New figures announced by the NPA Sunday prompted a 15 per cent rise in transport fares.
The Chief Executive Officer of the Chamber, Senyo Hosi told Joy FM Monday evening that government has taken a very good step and that the funding confidence with the banks would be re-established to help provide constant supply of fuel on the market.
He indicated over GHc93 million would be lost if government did not make such a decision.
He noted that even though the hue and cry of consumers was understandable, they should find ways of bracing themselves for the ensuing challenges.
He said ‘The less we become dependent on it, the better it is actually for our foreign exchange because you remember, almost, everything is imported.’

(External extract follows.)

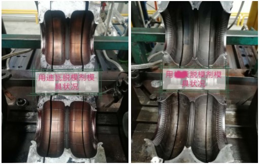 以上就是輪胎膠囊隔離劑的使用方法,在同一硫化機(jī)的左右模對比觀察,使用迪瓦輪胎膠囊隔離劑和使用其他品牌隔離劑的模具表面有明顯的區(qū)別。結(jié)果表明,使用迪瓦輪胎膠囊隔離劑能延長硫化模具清洗周期1倍或以上。
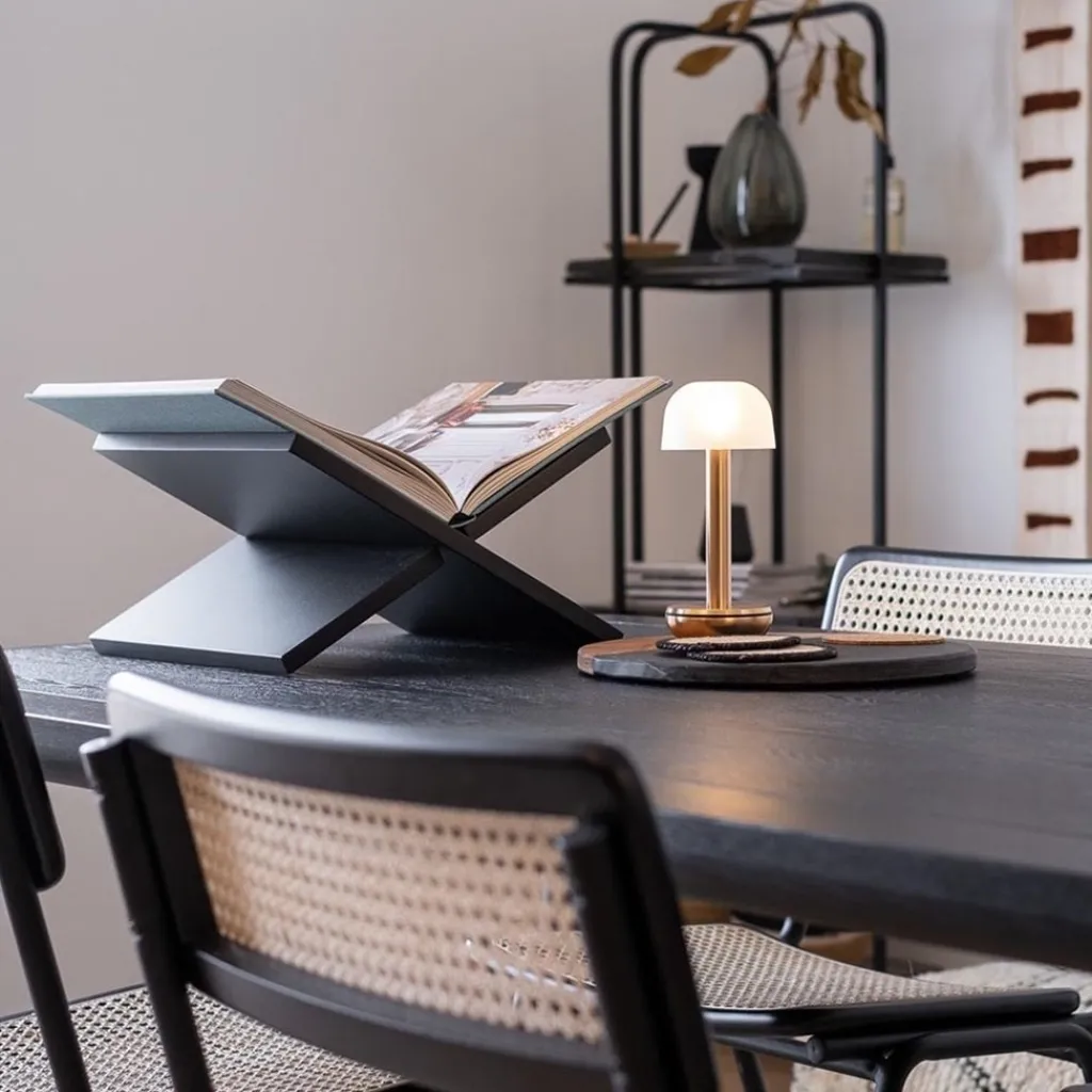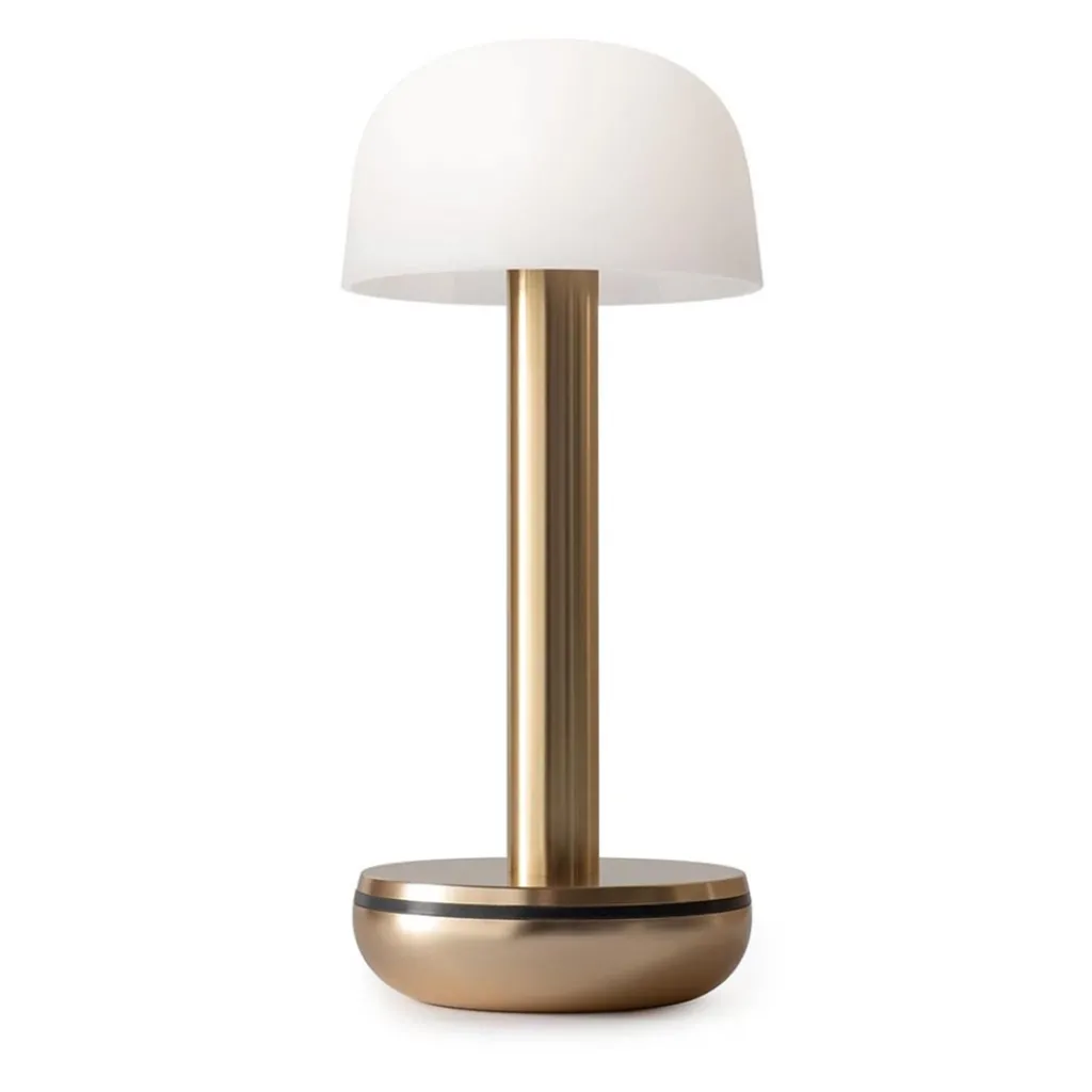 Een stijvolle tafellamp die u kunt plaatsen waar u wilt. Deze tafellamp is namelijk voorzien van een oplaadbare accu. Deze kan gemakkelijk worden opgeladen dmv de meegeleverde USB kabel of één van de verkrijgbare chargers (exclusief). De kleine tafellamp heeft een luxe uitstraling door het frosted glas dat is gecombineerd met het gouden voetje. Het tafellampje op batterij heeft een LED lichtbron en is dimbaar in 3 standen, candle, ambient en work. Door de knop onderop schakelt u gemakkelijk tussen de standen. Onderop ziet u ook snel hoe vol de accu nog is dmv de lampjes. De titanium tafellamp heeft een batterijduur van max 96 uur en wordt opgeladen binnen 4 tot 6 uur. De draadloze tafellamp is IP43 goedgekeurd zodat hij spatwater bestendig is. Ideaal wanneer u de lamp ook op uw balkon of tuin wilt gebruiken.

Moses Asaga, the Chief Executive Officer of the National Petroleum Authority (NPA), earlier this month confirmed to Joy News the government was planning to remove subsidies on petroleum products.
He then assured that the removal of the subsidies would be done in a gradual manner so that the ordinary consumer would not be impacted negatively.
He stressed the action had become necessary because the government could no longer bear the huge cost of subsidizing petroleum products while other critical sectors of the economy yearn for resources.
From yesterday July 14, 2014, the price of petrol (premium) increased up to 23.08 per cent, meaning a litre of the commodity, which formerly sold at GH¢2.73 per litre, now sells at GH¢3.36.
Kerosene also saw a sharp boost of 23.75 per cent and diesel, 22.01 per cent. The latter, now sells at 327.00 pesewas at the pumps.
Premix fuel, which inched up by 25.60 per cent, now sells at GH¢1.57 per litre.
While liquefied petroleum gas (LPG) saw an increase of 15.68 per cent. It now sells at GH¢3.32 per litre.